Mukhtar Ablyazov, a former Kazakh energy minister and onetime chairman of BTA Bank, has been jailed since police special forces seized him at a home on the French Riviera last summer.

Russia and Ukraine, which both have BTA branches, sought Ablyazov on allegations he siphoned off billions from the bank. Ablyazov, who was one of the world's richest men as BTA's chairman, had turned against his former patron, Kazakh President Nursultan Nazarbayev, and was using at least part of his wealth to bankroll the opposition against the man who has ruled since 1989.

He ultimately received asylum in Britain in 2011. The bank says there's at least $6 billion missing and accuses Ablyazov of misappropriating the money. Ablyazov denies the allegations. In his absence, BTA has won multiple judgments against him in British courts, and he fled after he was convicted of contempt of court there.

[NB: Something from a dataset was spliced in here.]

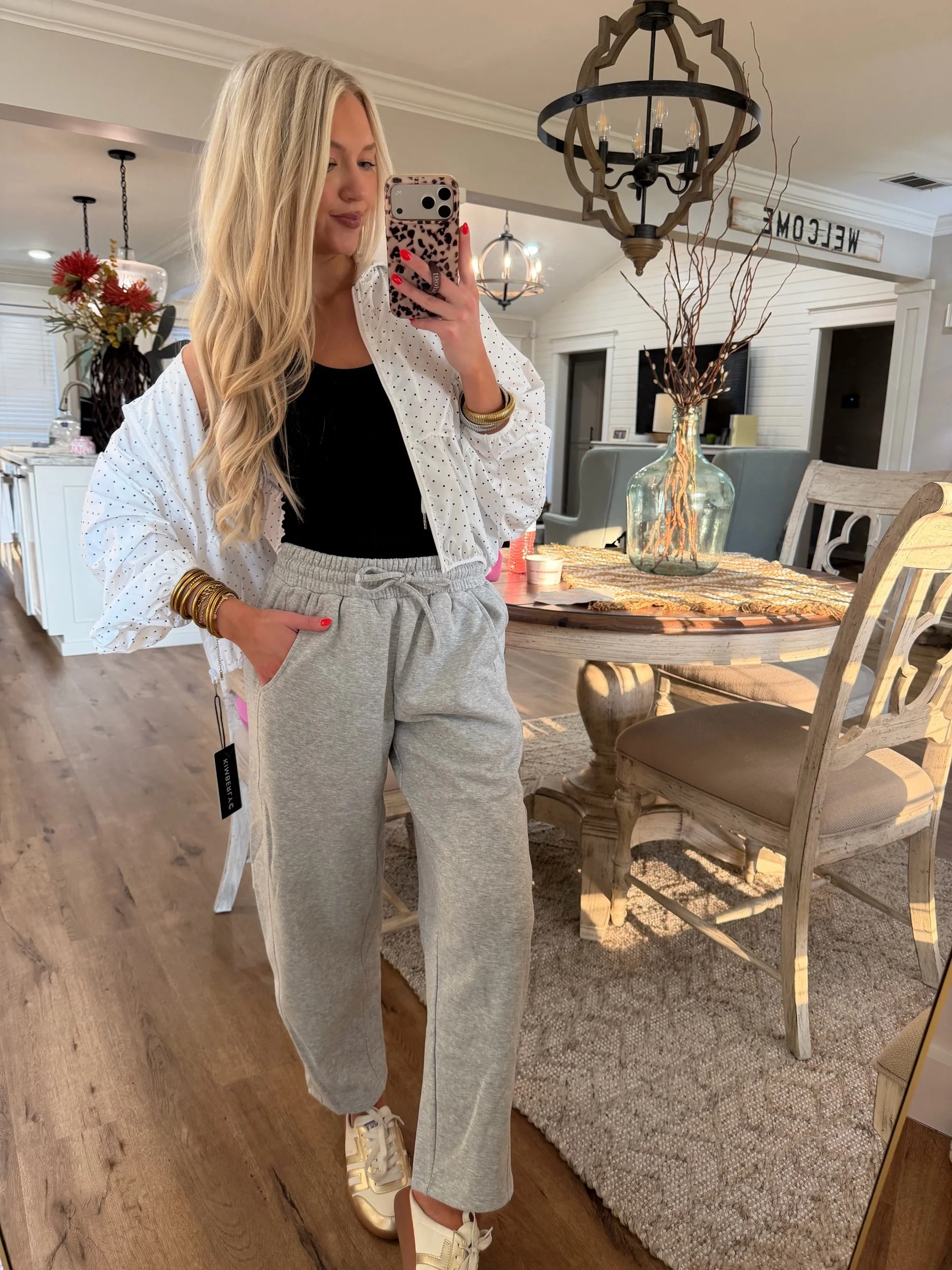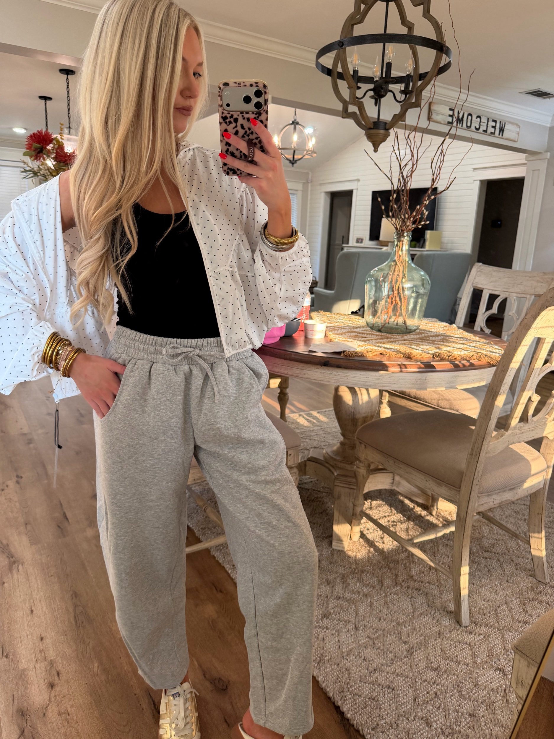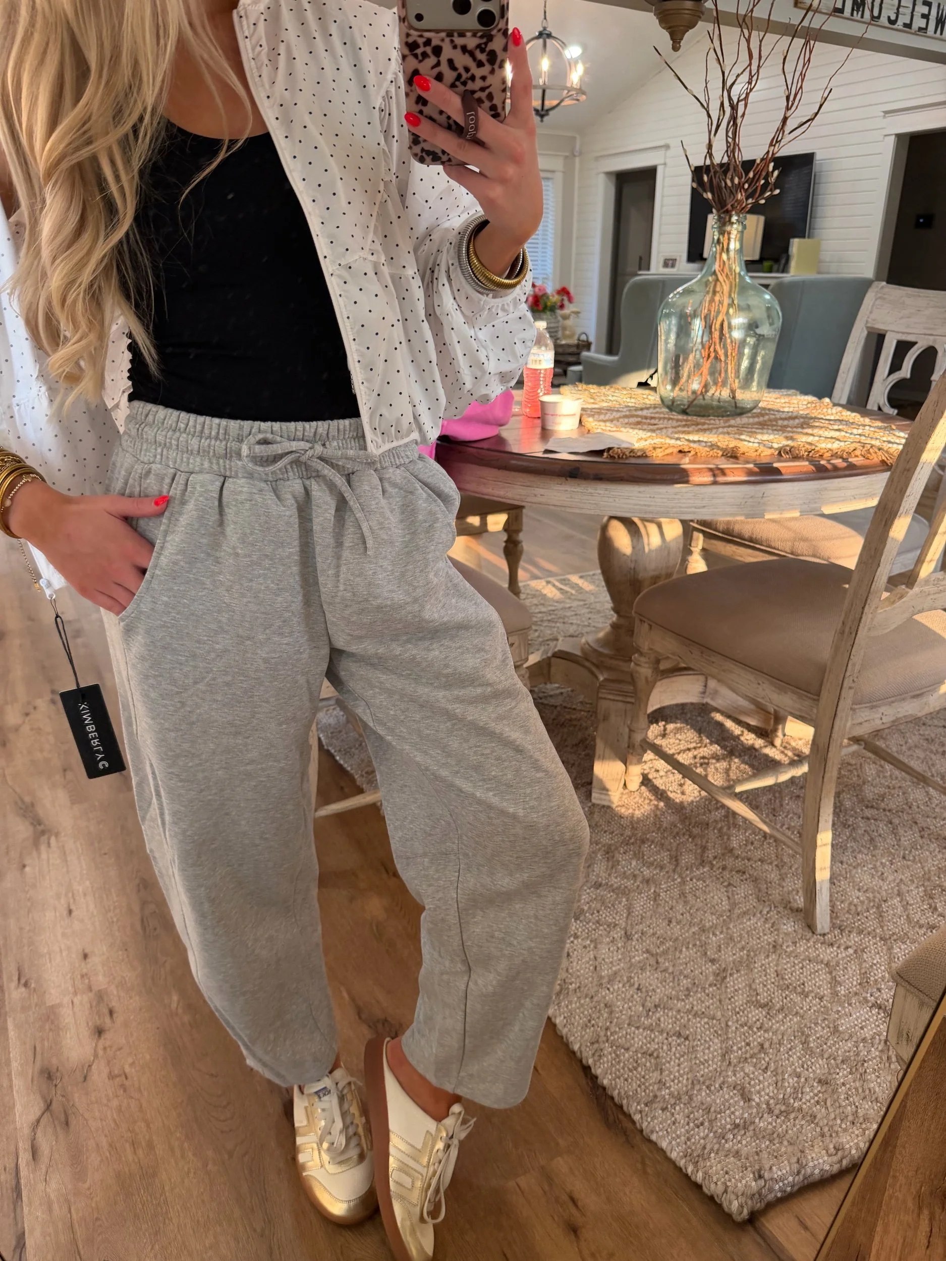 Shop › Barrel Sweatpants - Heather Grey Image 1 of 3 Image 2 of 3 Image 3 of 3 Barrel Sweatpants - Heather Grey $38.00 • Super soft• Tie waist• True to size• Macie is 5’2 wearing the XS Size: XS Small Medium Large Get notified by email when this product is in stock. Add To Cart Added! • Super soft• Tie waist• True to size• Macie is 5’2 wearing the XS

Ablyazov's lawyers appealed a French judge's decision in January approving his extradition to Russia and Ukraine. Peter Sahlas, his lawyer, said the ruling was thrown out Wednesday and the case would be sent to a different court.

"We have a fresh start," Sahlas said.

Antonin Levy, a lawyer for BTA, said Wednesday's decision was procedural.

"After British justice, it's now the turn of France to recognize the massive fraud committed by Mr. Ablyazov toward the bank," Levy said in a statement.

Kazakhstan has no extradition treaty with France. But Ablyazov's family and lawyers say they fear he will ultimately be returned to his homeland via Russia or Ukraine, which do have extradition deals with Kazakhstan.